Corporations have a separate legal entity and they are treated as a separate personality in law. And therefore, separate liability can be imposed on corporations from any criminal liability which may be imposed on the individual members for any wrongdoing. The legal maxim upon which the basic rule of criminal liability stands is ‘actus non facit reum nisi mens sit rea means’ which basically means that act is not wrongful unless it is done with a wrongful state of mind. The companies are criminally liable only for the offences that happens during the course of business operation and for which the company bears responsibility. A company can be involved in offences such as failure to ensure safety mechanism and any other offence of omission. An intention does not play a role in deciding cases against corporation therefore, it can be held liable for an offence which does not involve any intention.

Doctrines established in Corporate Criminal Liability:

Doctrine of Vicarious liability:

In Vicarious liability, the accused is blamed for the offence of another. This doctrine is based on the principle of Respondeat Superior which means let the master answer. This doctrine is applicable in criminal as well wherein corporate may be held liable and punishment can be fine and seizure of property. Similarly, in the case of Ranger vs. The great western railway company [1859] 4 De G & J 74, it was held that the company is held vicariously liable for the acts committed by its employee if it is done in the course of its employment. For vicarious liability, the act and intent of the employee must be imputed to the company and the employee should act within the course of employment.

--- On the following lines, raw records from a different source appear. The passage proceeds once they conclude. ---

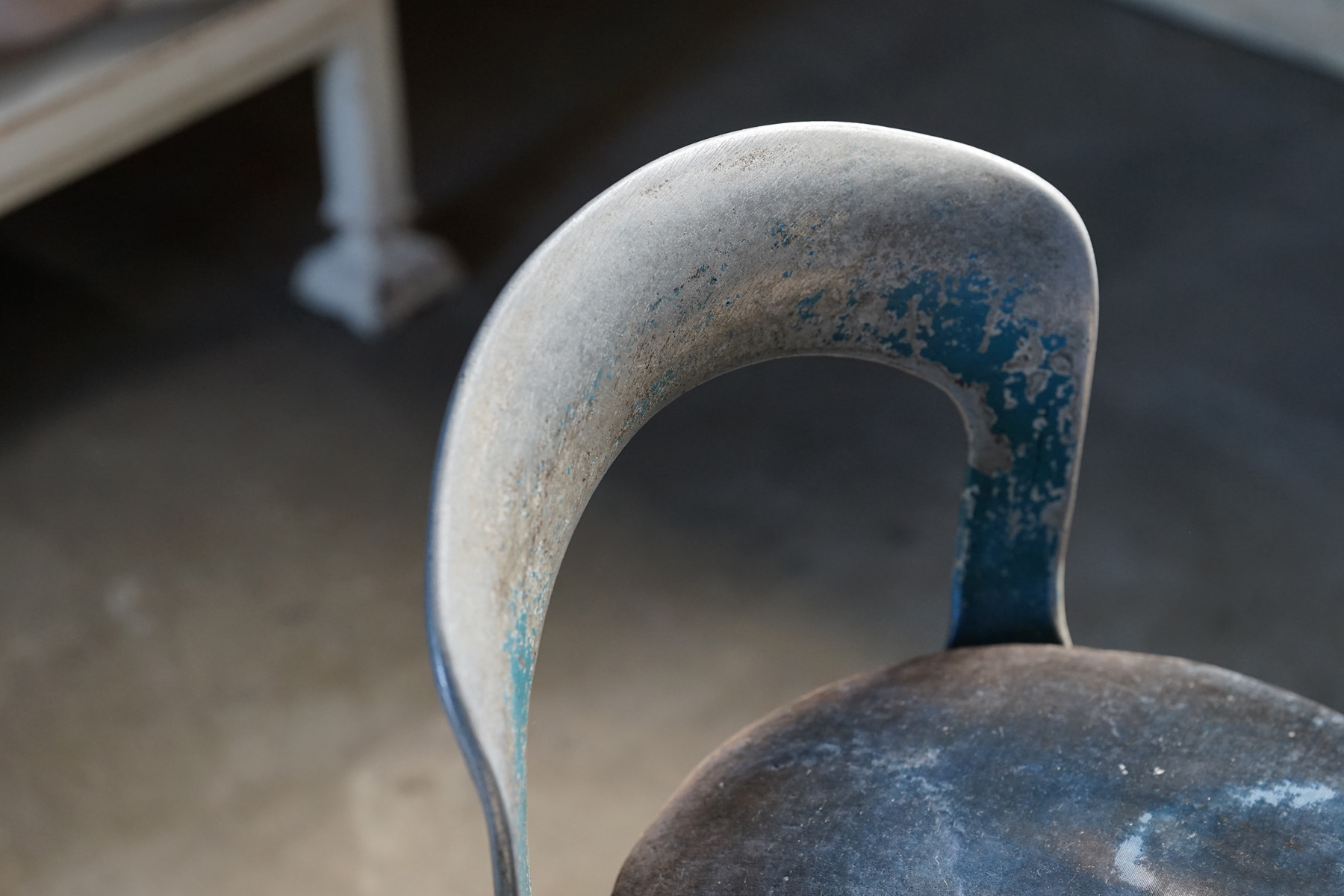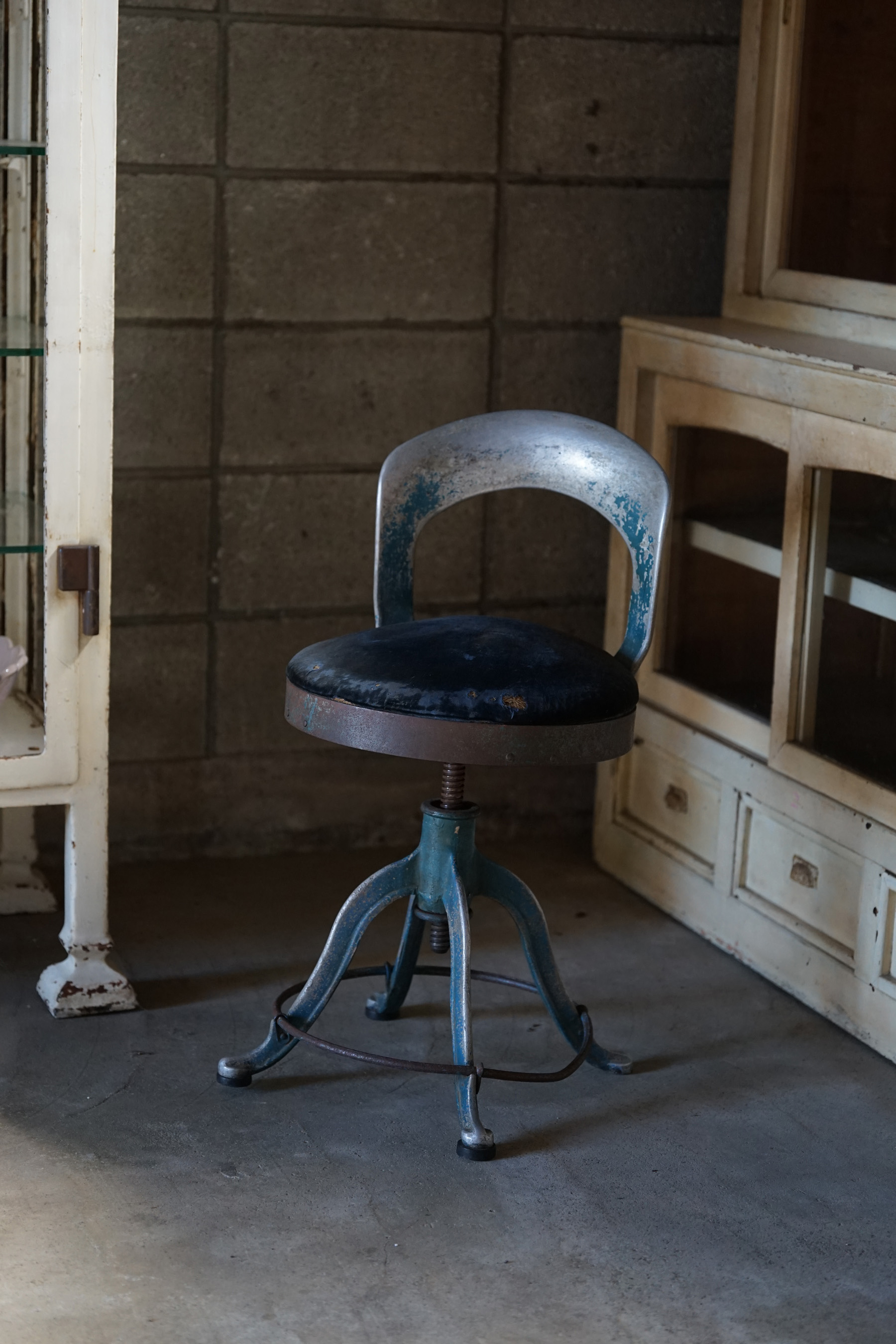 日本の古家具の中でもなかなか出会うことのできない椅子です。主に昭和初期に郵便局などで使われていたもののようです。どっしりと重みのある味の良い鉄と独特な造形と背のバランスが綺麗です。オリジナルの状態となりますので座面生地の傷み等はご了承下さい。張り替えても素敵かと思います。大変希少な現存数の少ないアイテムです。高さ調節も可能です。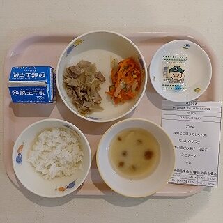 さて今日の給食は、ごはん、豚肉とごぼうのしぐれ煮、にんじんサラダ、みそ汁、ミニチーズ、牛乳です。しぐれ煮は新メニューです。ごぼうの香りと豚肉のうまみ合わさった、栄養たっぷりのおかずです(*’▽’)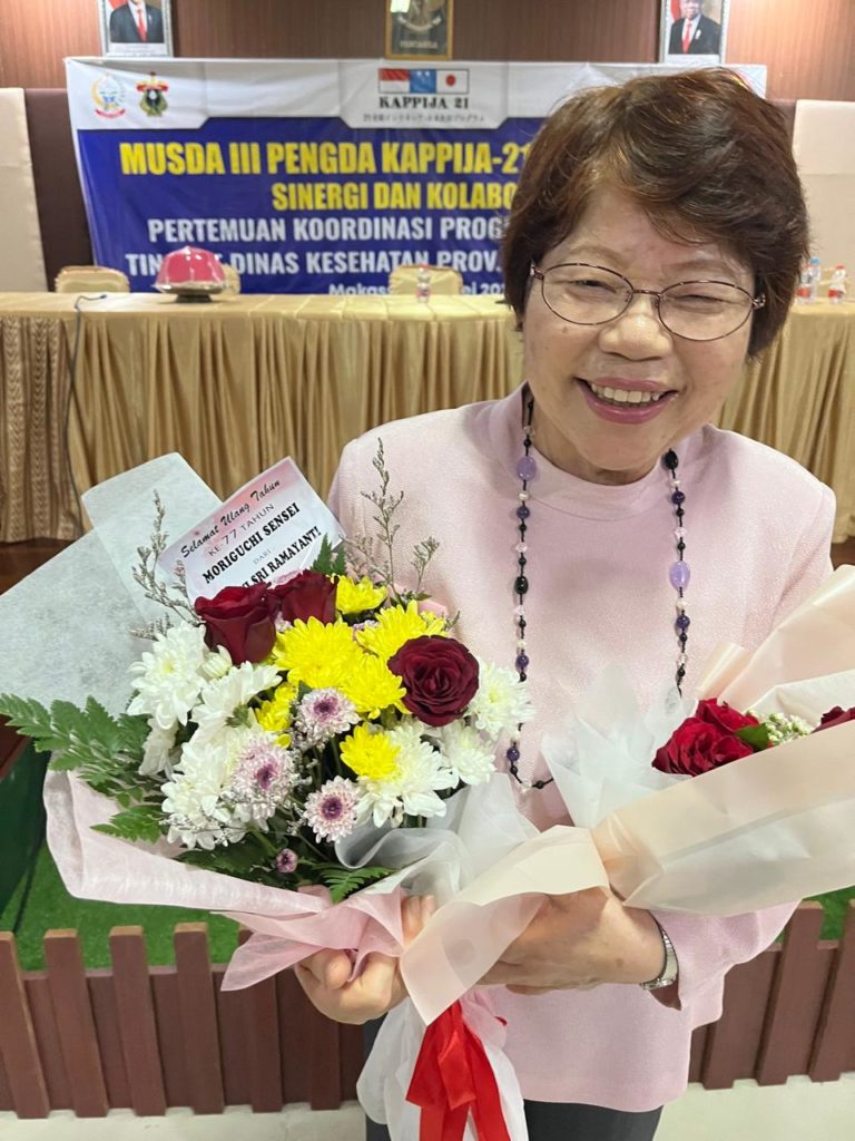 森口育子名誉教授(2024年5月にインドネシアの南スラウェシ州で開催された地域看護コーディネーター会議に出席された際のもの)

 Doctrine of Identification:

It requires that corporations should take responsibility for the persons having decision making authority for the policy of the corporation rather than the persons implementing such policies. The doctrine focuses on the fact that the intention and action of the company are the results of the employees of the company. The underlying principle of this doctrine is the detection of the guilty mind.

Doctrine of Collective Blindness:

Under the doctrine of Collective Blindness, courts have held that corporations will be held liable even if single individual was not at fault and considered sum total knowledge of all employees in order to make a corporation liable.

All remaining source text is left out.